Dataset extract
>>>
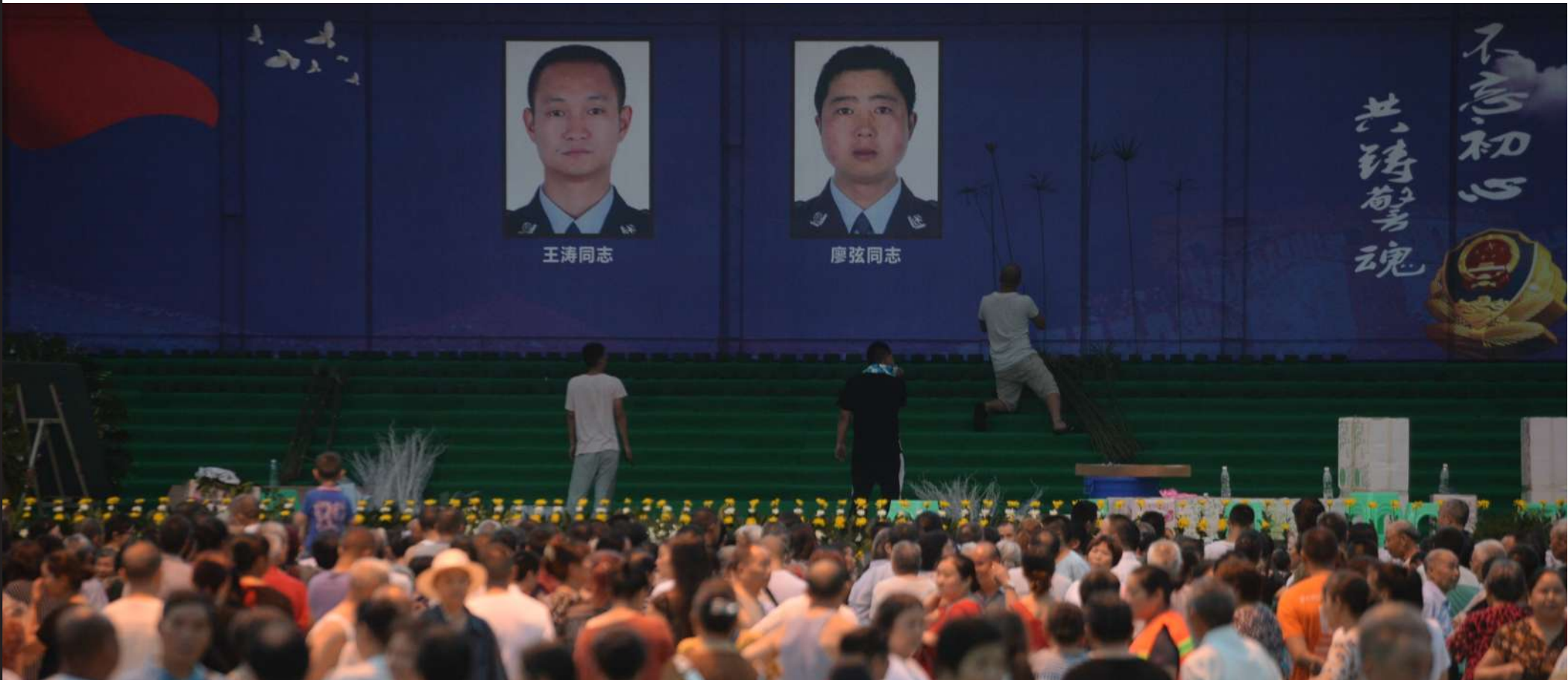
8月9日仁寿县法治广场，两位英雄遗体告别仪式布置现场
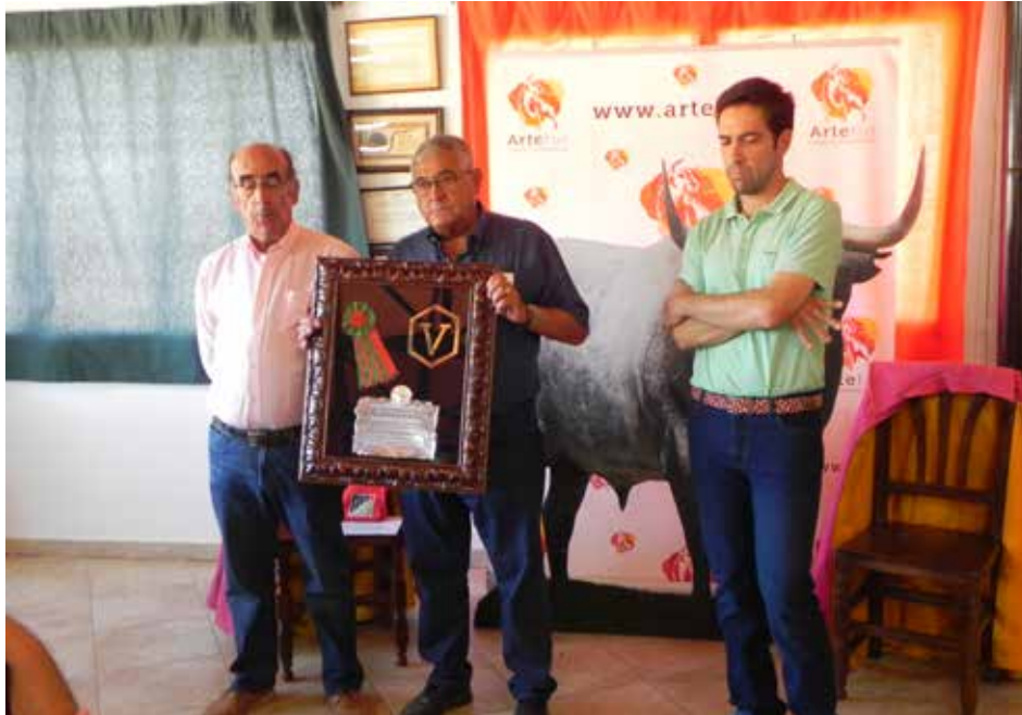
Entrega de la divisa de honor
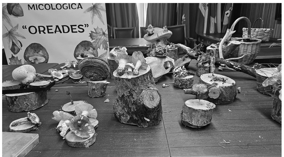
Exposición de las especies encontradas.
<<<
Action item
Exclude the pictures from the copy. Retype exactly the lines running from the one containing "Entrega de la divisa de honor" through the last line of the listing.

Output of the task
Entrega de la divisa de honor
Exposición de las especies encontradas.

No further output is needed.